8 The Wisconsin Supreme Court
rejected the court of appeals' conclusion that a restriction on
competitive contact with customers with whom the employees had had no
contact was per se unreasonable. "[A] flat rule invalidating all
restrictive covenants whose scope exceeded a former employee's actual
customer contact ... offends the notion that the validity of a
restrictive covenant is to be established by examination of the
particular circumstances which surround it."
9
Remanding the case for an evidentiary hearing, the Hamilton
court provided guidance for determining which customers could properly
be insulated from post-employment competition in Wisconsin:
"In many instances involving route salesmen or other nonmanagement
employees, the scope of actual customer contact may serve as a guide to
what scope of restriction is reasonable. But the customer contact notion
takes on a new dimension where the person involved is a high-level
management employee who is apt to have access to confidential business
information. Thus, we do not believe the determination of whether a
restraint of this type is reasonably necessary for the protection of an
employer can be intelligently made without a consideration of the nature
and character of such information, including the extent to which it is
vital to the employer's ability to conduct its business, the extent to
which the employee actually had access to such information, and the
extent to which such information could be obtained through other
sources."10
The Wysocki and Equity Enterprises cases involved a
different challenge to nonsolicitation agreements. In both cases, the
courts entertained challenges to such restrictions based on their
geographic scope, rather than the customers included within the
restriction. Challenges to geographic scope had not previously been
addressed in the context of nonsolicitation agreements, perhaps with
good reason.
Vol. 75, No. 2, February 2002
Wysocki and the Geography of Employee
Activities
Wysocki addressed the validity of a
post-employment nonsolicitation provision that prohibited the employee
from engaging in certain enumerated competitive activities "with the
person(s) [sic] the Employee consulted or serviced in performance of
his/her consultant duties at any time during the one year immediately
prior to the date of separation." After Wysocki
executed this agreement, the bank for which he worked underwent several
corporate mergers. Those mergers expanded the territory of the bank's
business activities into six additional counties. In the circuit court,
Wysocki challenged the enforceability of this restriction by
successfully arguing that "the geographic component of the covenant
[had] been unilaterally doubled"11 due to
the expansion of the bank's territory through the mergers. As a result
of this "unilateral" change, the circuit court and court of appeals
concluded that the restriction was unenforceable.

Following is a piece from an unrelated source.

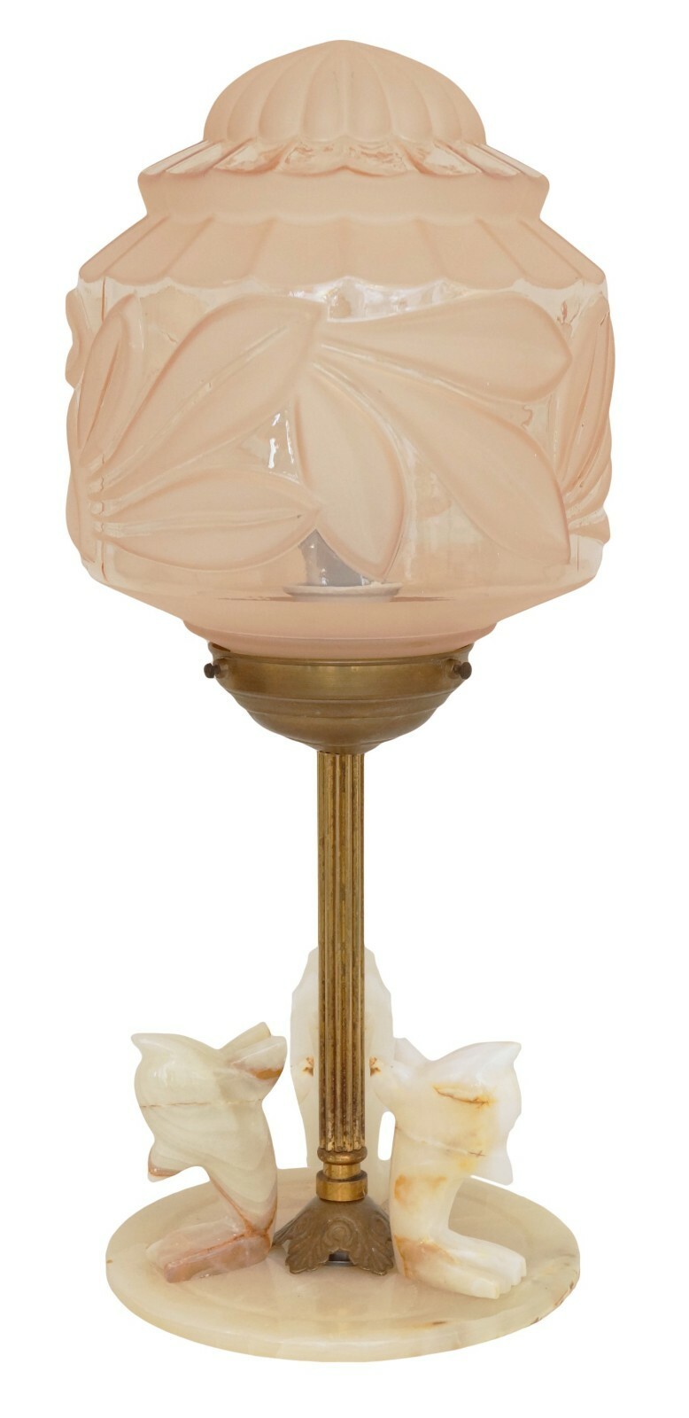 Unique design table lamp from our lighting manufacturer. Brass onyx gear with carved dolphin plastic. Magnificent, antique lamp glass with etched flower motifs, approx. 1920s. Total height approx. 50 cm, umbrella diameter approx. 20 cm. Completely new electrical installation. Brass-colored PVC supply line with cord switch. Antique E27 brass version with porcelain clocks, up to max. 60 watts - we urgently recommend LED lamps. Hundreds of more kind of deco lights in our shop! Small parts such as screws and washers renewed. Please note: All of our lights have been circulated well before 2005, are in their original condition and therefore do not fall under the electrical and electronic device law (WEEE guideline of the EU). Sale without decoration and lamp! Shipping within Germany free of charge!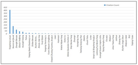 Furthermore, in addition to the Yangsheng Leizuan, Li Pengfei also excerpted from other works that possess unique scholarly value. When compiling, Li Pengfei directly indicated multifarious Daoism literature, such as Laozi 老子, Zhuangzi 莊子, Huainanzi 淮南子, Huangting Jing 黃庭經, Yinfu Jing 陰符經, Baopuzi 抱樸子, Jindan Jue 金丹訣, Siqi Tiaoshen Lun 四氣調神論, Tianyinzi 天隱子, Dongshen Zhenjing 洞神真經, Xishan Qunxian Huizhen Ji 西山群仙會真記, Xuanshu 玄樞, and others. Additionally, through database retrieval and verification, 270 citations were identified, involving nearly a hundred works, as shown in the figure below. It is worth noting that, from the following Figure 1, Sanyuan Canzan Yanshou Shu quotes more than 400 documents in the category of Yangsheng Leizuan, which becomes the main source of documents for the book.

In a somewhat opaque opinion, the Wisconsin Supreme Court reversed
the court of appeals' decision and remanded the case for evidentiary
findings as to the reasonableness of the restriction.12 Noting that the restriction was
customer-based and contained no "mention of any geographical territory,"
the court rejected the contention that the restriction had somehow been
unilaterally enlarged.13 The Wisconsin
Supreme Court suggested what should have been obvious - that the mergers
that resulted in the expansion of the employer's business activities did
not change the nature or scope of the restriction, which was, at all
times, limited to those customers with whom the employee had had contact
during the year preceding separation.
The court, however, failed to offer a more fundamental and helpful
observation - that discussions of territorial scope are generally
irrelevant in assessing the reasonableness of a nonsolicitation
agreement. All nonsolicitation agreements contain an implicit limit to
their geographic scope. The customers subject to a nonsolicitation
restriction conduct business with the employer within a defined, albeit
changing, territory. The absence of an explicit territorial limitation,
accordingly, does not leave the nonsolicitation agreement with an
unlimited geographic scope.
Geography and Equity Enterprises
Equity Enterprises14 offered an
even more stark example of a court proceeding down the dead-end of
territorial analysis in addressing the enforceability of a
nonsolicitation provision. The restrictive covenant in Equity
Enterprises prohibited the employee from competing with respect to
certain customers during employment and for 18 months thereafter.15 Anticipating the issue addressed in
Hamilton, the contract's drafters limited its nonsolicitation
restrictions to customers with whom the employee had had contact on
behalf of the employer.16 Unlike the
restriction in Wysocki, however, the customers included within
the restriction were not limited to those with which the employee had
had contact during a stated period prior to separation.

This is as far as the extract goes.